5.1 Bestemmingsomschrijving
De voor 'wonen' aangewezen gronden zijn bestemd voor:
a. wonen;
b. aan huis verbonden beroepen, met dien verstande dat de uitoefening van een aan huis verbonden beroep uitsluitend is toegestaan voorzover de woonfunctie in overwegende mate blijft gehandhaafd en er geen ernstige hinder of afbreuk aan het woonmilieu wordt gedaan. Dit betekent dat:
- de woonfunctie in ruimtelijke en visuele zin primair moet blijven;
- aan huis verbonden activiteiten ten behoeve van het beroep uitsluitend inpandig mogen worden verricht;
- maximaal 30% van de oppervlakte van het hoofdgebouw mag worden gebruikt voor de aan huis verbonden activiteiten ten behoeve van het beroep met een maximum van 50 m²;
- degene die de gebruiker is van de woning ook degene moet zijn die het aan huis verbonden beroep uitoefent;
- de ruimtelijke uitstraling van de activiteiten qua aard, omvang en intensiteit verenigbaar moet zijn met het karakter van de omringende woonomgeving;
- behoudens een beperkte verkoop in het klein, in direct verband met het aan huis verbonden beroep, geen detailhandel mag plaatsvinden;
- het gebruik geen nadelige invloed mag hebben op de verkeersafwikkeling en de parkeersituatie ter plaatse; ten aanzien van het laatste geldt als uitgangspunt dat er dient te worden geparkeerd op eigen terrein;
e. verkeers- en verblijfsvoorzieningen;
f. openbare nutsvoorzieningen en groenvoorzieningen.

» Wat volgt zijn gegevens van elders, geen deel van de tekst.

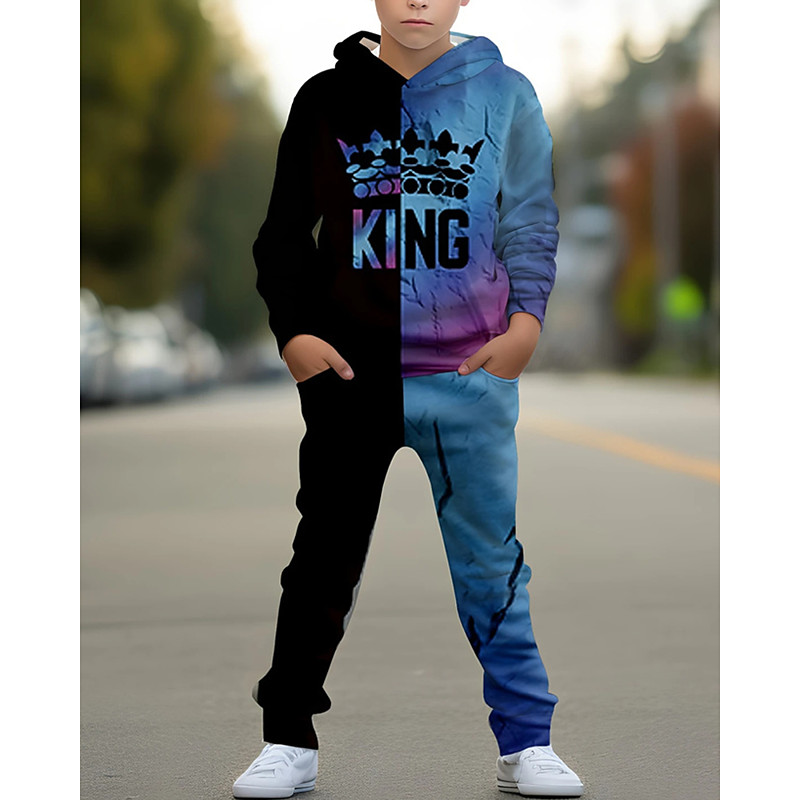 Boys' 3D Graphic Hoodie Sweatpants Set Sports Suit Tracksuits Long Sleeve Spring Fall Daily Basic Casual Kids 4-12 Years Hooded Outdoor Vacation Sports Tailored Fit
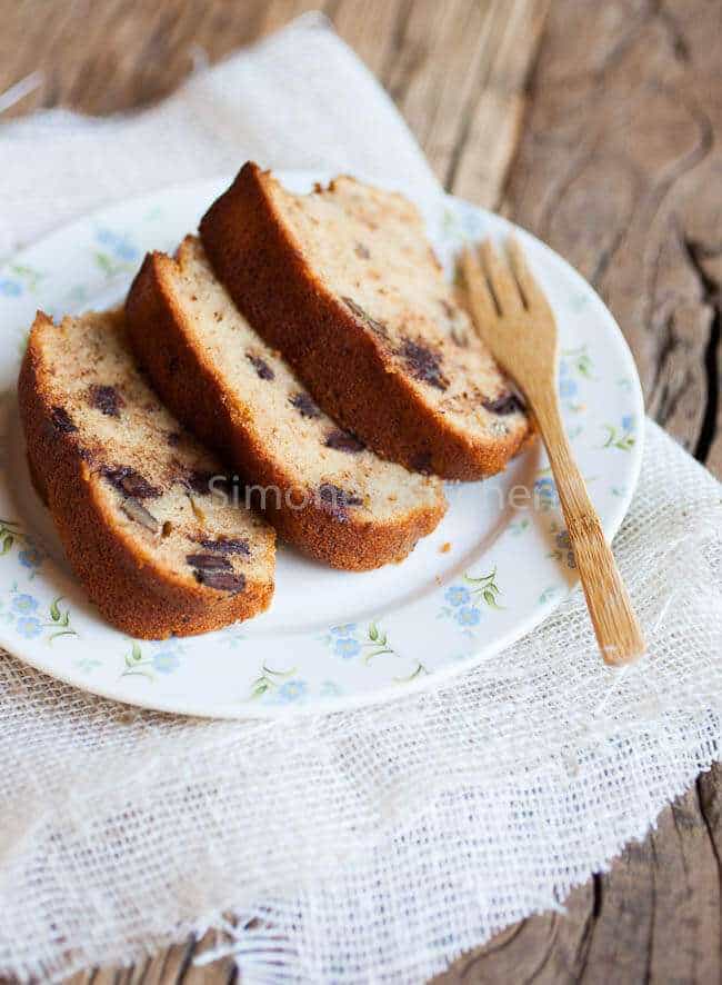 But then today I was left with 3 bananas that were clearly very overripe. Ready to be used right now. And while I love banana bread I had never actually made (a really good) one. Tom is not too big a fan of banana, so anything I bake with banana will either be given away or will have to be eaten by me alone. Not an option, so I normally don’t do a lot of banana baking. But these three babies were just yelling at me to have a go. So I started searching through my endless pile of cookbooks for that perfect recipe, featuring the ingredients I had on hand and… couldn’t find it. Well, I found plenty of banana bread or banana cake recipes but just not exactly what I was looking for.

5.2 Bouwregels hoofdgebouw
Voor het bouwen van hoofdgebouwen ten behoeve van wonen gelden de volgende regels:
a. de hoofdgebouwen dienen binnen het bouwvlak te worden gebouwd;
b. de ondergrondse parkeergarage dient binnen het bouwvlak te worden gebouwd, ter plaatse van de aanduiding ‘parkeergarage’;
c. binnen de bouwvlakken mogen wooneenheden worden gebouwd tot een maximum van de ter plaatse aangegeven aantal wooneenheden;
d. de goothoogte en bouwhoogte van de woningen bedragen niet meer dan respectievelijk 3,5 m en 8,5 m;
e. de dakhelling van een woning bedraagt ten minste 30°.
5.3 Bouwregels bouwwerken, geen gebouwen zijnde
Voor het bouwen van bouwwerken, geen gebouwen zijnde, geldt de volgende regel:
- de bouwhoogte, met uitzondering van erf- en terreinafscheidingen, bedraagt niet meer dan 5 m.